Jacob Berkson, an activist from the refugee distress hotline network Alarm Phone, told the Star: “It’s difficult to know where to start with such disgusting behaviour.

“It’s an expenditure of more than £100,000 per person being handed to the same ‘private’ enterprises who profit from the manufacture of the weapons that cause people to flee.

“It neatly illustrates how the trade in border securitisation goes hand in glove with the trade in weapons and is no more than a trade in death.

“It’s naked corruption, distorting UK society for the profit of the very few, but more importantly generating those profits at the expense of people’s lives.

“These unimaginable sums of money should be spent on facilitating people’s right to move and right to stay by repairing the damage caused by centuries of slavery and decades of wars.”
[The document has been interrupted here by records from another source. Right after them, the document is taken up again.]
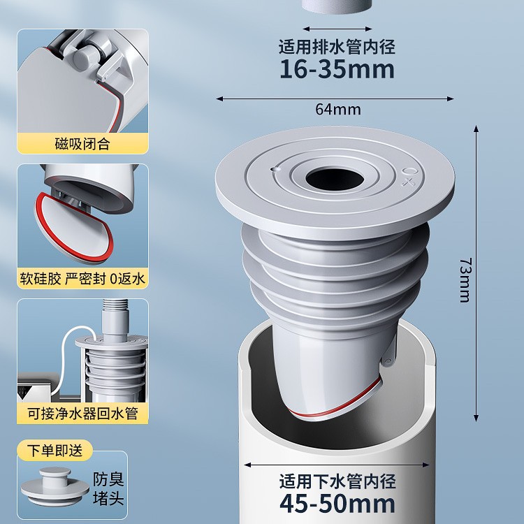 Кухонный сливной слив уплотнительная пробка стиральная машина дренажная труба 5075 уплотнительная крышка Силиконовое кольцо дезодорант заглушка артефакт
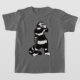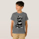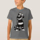 T-shirt chaton Spooky avec un dessin à l'encre représentant un chaton rayé noir et blanc étrange avec un long cou tenant un masque de crâne. Il semble qu'un de ses gants est sorti et sa main de squelette apparaît de sa manche. Me fait me demander s'il est beaucoup plus d'une créature effrayante qu'il ne le prétend être à Halloween.
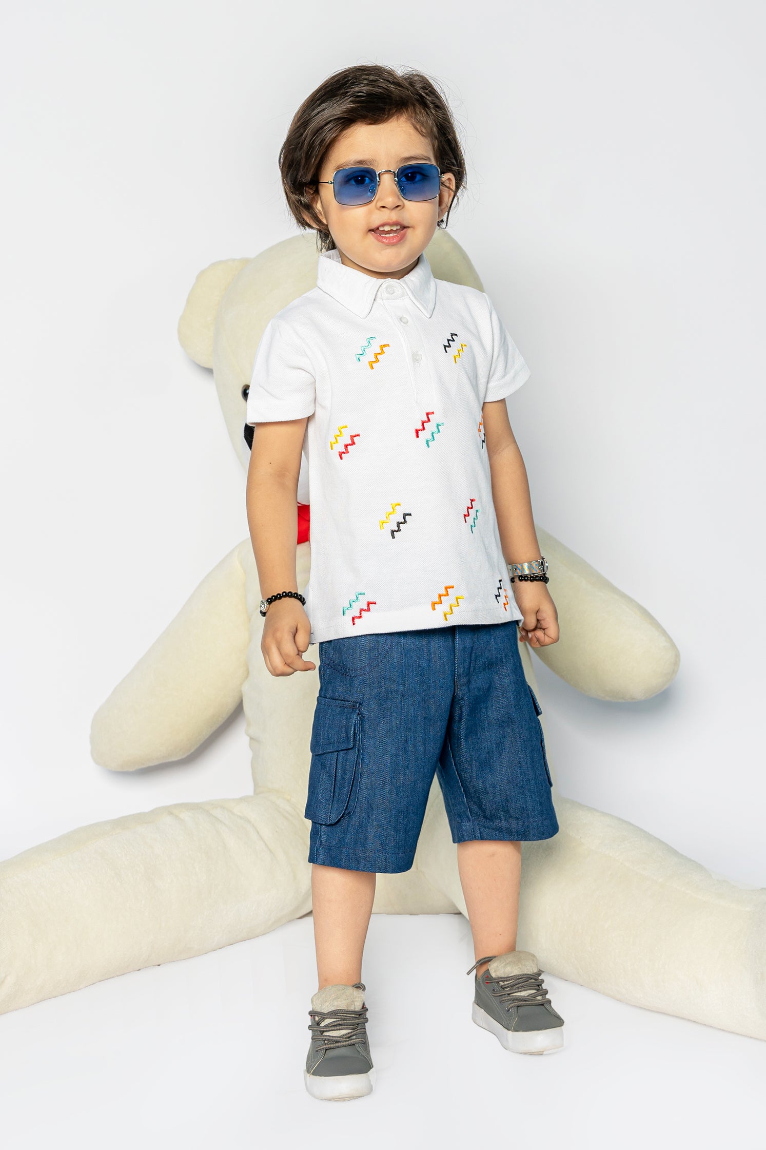 KID'S POLO WHITE ALL OVER EMBROIDERY -

Clare Moseley, founder of Care4Calais, said: “The people we work with in Calais are not a military enemy. They are farmers, families and students who are simply asking for our help.
 
“They are running from the most dangerous regimes in the world.

“Flying expensive drones over the Channel will not stop them coming because they feel they have no choice. There is no way for them to claim UK asylum other than risking their lives in a flimsy boat.

“The government is wasting taxpayers money while failing to protect some of the most vulnerable people on the planet.”